Hyman: “This is just a freak show to me. This is the circus. I don’t think it’s good.”
Verizon Center Event & Venue Public Relations Director Sheila Francis: “We would not call this a freak show.”
Signature Move: David Michael Mass and Dania Kaseeva change their clothes really fast.
Accessories: A sassy Latin-flavored mix tape, enough costumes to outfit a community theater production of Les Miz
Zollars: “They dance around and just change outfits very quickly.…They get a standing ovation every time.”
Signature Move: Red Panda Acrobat Krystal Liu balances bowls while riding around on an oversize unicycle.

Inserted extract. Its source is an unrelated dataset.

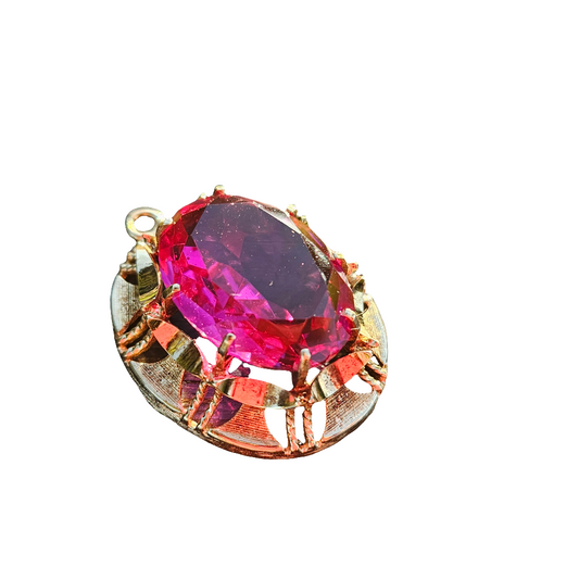Bright Neon Pink Gemstone Pendant 80s Glam Gold Tone Jewellery Charm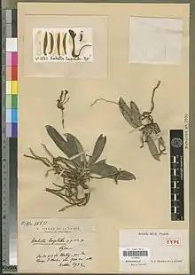 The specific epithet longituba is composed of longi- meaning long[11] and -tuba meaning trumpet.[12] It refers to the long tube-shaped labellum of the flowers.

Accessories: (Ostensibly) traditional Chinese music, lots of bowls
Zollars: “So, she’s on an 8-foot unicycle, she has eight to 10 bowls on her feet, and then she flips them onto her head.…I think that it’s a very unique thing for a lady to do, what she does on that unicycle.”
Hyman: “This is better than something like Rubber Boy, which just makes fun of the freaks. You go to the circus to see those things, or you go to the carnival. The juggling is good. The trampoline is good. This unicycle thing? Yeah, I think it’s pretty good.”
Signature Move: Emerging from the slinky at the end to reveal self as white dude in sunglasses
Accessories: An enormous, four-pronged, extendable rainbow suit that entirely obscures the “man” in Slinky Man
Zollars: “He is a one-man show, very unique.…He kind of does a choreographed routine like a slinky. He, uh, he resembles the movements of a slinky. We haven’t booked him yet, so that’s just what I’ve seen on the video.”
Hyman: “I think most people are going to watch this for a minute or two. But I think it’s mostly going to draw attention from the kids, and you don’t see a lot of kids at basketball games. I really wonder what the percentage of kids is, because it’s a weeknight and everything.”
Signature Move: Amassing Internet fame—15 million YouTube hits—for making hands dance to Daft Punk’s “Harder, Better, Faster, Stronger”
Accessories: Daft Punk, hands, a Sharpie
Zollars: “I would describe Daft Hands as a mime routine, but using hands. Performed with music. We’re not sure yet how to make this translate into the arena.”
Hyman: “Yeah, I mean, it’s OK.”
Signature Move: Cup-stacker Emily Fox breaks world records by arranging cups quickly.
Zollars: “There are kids who can stack and unstack cups really fast. We would like to book this, but it’s very fast. We’re concerned about it filling the time.”
Hyman: “That young girl doing the cup stacking? I mean, that’s not too bad. That’s a young girl trying to do something that’s different, instead of something from a freak show, or from the circus. A lot of people are interested in seeing something energized where kids are doing something, where it’s not like the circus.”